Jessica: Well, a lot! There are two prongs. The first is to put Native American artists and designers at the center. The fashion industry is one of the hardest industries to break into regardless of your background.
Beyond Buckskin is about creating a platform for emerging or established designers to take their careers to the next level. It’s about spotlighting them, encouraging them, and providing economic opportunities for them. Eventually, I want to set up a mechanism where they can get grant money through Beyond Buckskin for whatever project they’re working on. That’s my dream- to be able to create an entity that is all about pushing Native fashion forward.
So, the boutique plays an essential role in that–a stage where we can sell and people can buy Native-made fashion. We’ve sold over 850 items so far through the boutique.
Jessica: It blows my mind. That means there are 850 more items out there in the world made by creative Native designers.
That’s one prong. The other prong has to do with educating about Native American Clothing Traditions, Contemporary Native American Fashion, but also representation of Native American culture in the fashion industry. The whole second aspect has to do with not only education, but making sure that we can connect these designers and artists with as many resources as possible so that the rest of the world can have access to these designers and see that our cultures are thriving.
I also love writing historical posts because Native American people were so fashionable in the 1600s, 1700s and 1800s. I also critique mainstream representations of Native people. Somebody needs to critique this stuff. We [as Native people] critique Hollywood’s representation of the Native American, but we’re not doing it in fashion. Why not? It is the same thing. It’s the same stereotype and they’re both very damaging. That’s where I step in to make sure that the fashion industry isn’t being racist and this is where we get stuff like the Paul Frank episode.
Mac: The social boycott against Paul Frank (the apparel company, no longer affiliated with Paul Frank himself) you mobilized was pretty impressive. What has happened since the infamous “Dreamcatching Powwow”?
Jessica: The Paul Frank response has been amazing, absolutely amazing. They are going above and beyond. I have so much respect for that. They reached out to Adrienne and I. They have a whole program so they are going to collaborate with at least one Native American designer to create a small collection that will launch in a year. I sent them a list of potential names of who I think that would work great with them – they might not select anyone from this list, but this is exactly what I wanted to do—create opportunities for Native designers.
Adrienne and I will also be putting together a panel with the president of Paul Frank Industries to hopefully present during the MAGIC Trade Show in Las Vegas this February. We’re going to be talking about these issues and then also talking about the collaboration.
Mac: Where is Beyond Buckskin in 10 years? An international fashion brand? A non-profit?
Jessica: Absolutely, I want to create this mechanism where I can provide funding, grant money not loans, for Native people. I think we need a huge influx of money if we’re going to be able to compete in the fashion business.

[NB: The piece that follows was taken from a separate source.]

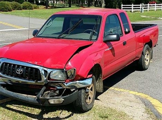 The accident was reported about 10:40 a.m. on Highway 29 near Chance Road. Witnesses said the pictured red pickup truck struck a late model green SUV that fled the scene. The red pickup was then rear-ended by another pickup truck.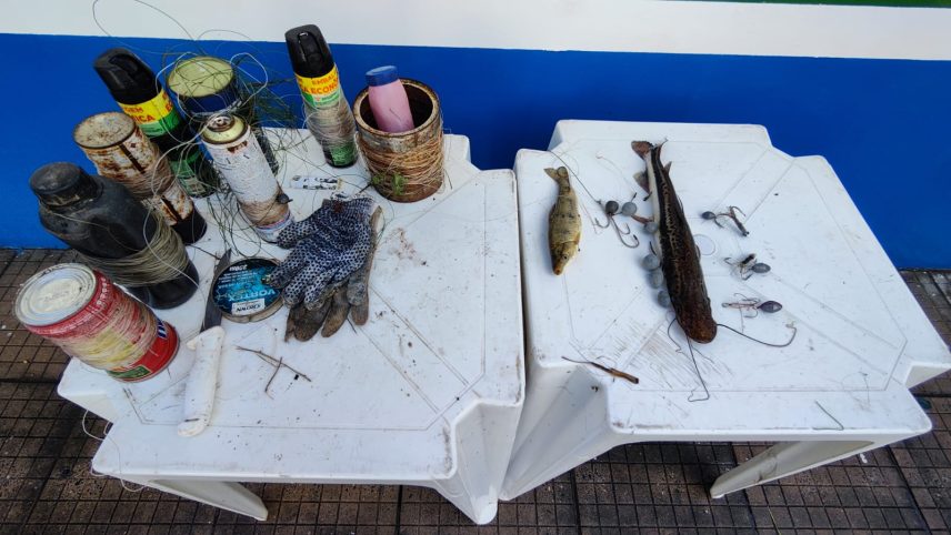 Ao chegarem, os Policiais perceberam várias pessoas embarcadas realizando captura de pescado e, quando elas perceberam as equipes, evadiram-se pela vegetação margeando o rio, abandonando embarcações, pescado e petrechos ilegais. Não foi possível deter nenhuma das pessoas, porém foram apreendidos: 6 (seis) barcos de alumínio, 2 (dois) remos e um motor, três anzóis de galho (petrecho proibido), oito linhadas, um peixe da espécie jurumpensem e um piau-três-pintas, ambos abaixo da medida permitida por lei (crime ambiental. O pescado será doado para instituições filantrópicas. Os Policiais continuam em vigilância no local. O material foi recolhido ao quartel da PMA e a Polícia Federal investigará a autoria do crime ambiental.

And we don’t have access to that. Even if we had only $1,000 grants – that would be such a huge surge to small businesses that would just really set it off in the right direction.
We also want to do workshops, similar to what you are doing so that the young ones can be the next leaders in the fashion industry. That’s really important. We need to set it up so it’s easier for them to take the reigns as the next generation.
A little further out, I want to create a platform for Native designers internationally. I have all these lists of the things I want to accomplish in the next five to ten years, and it is big.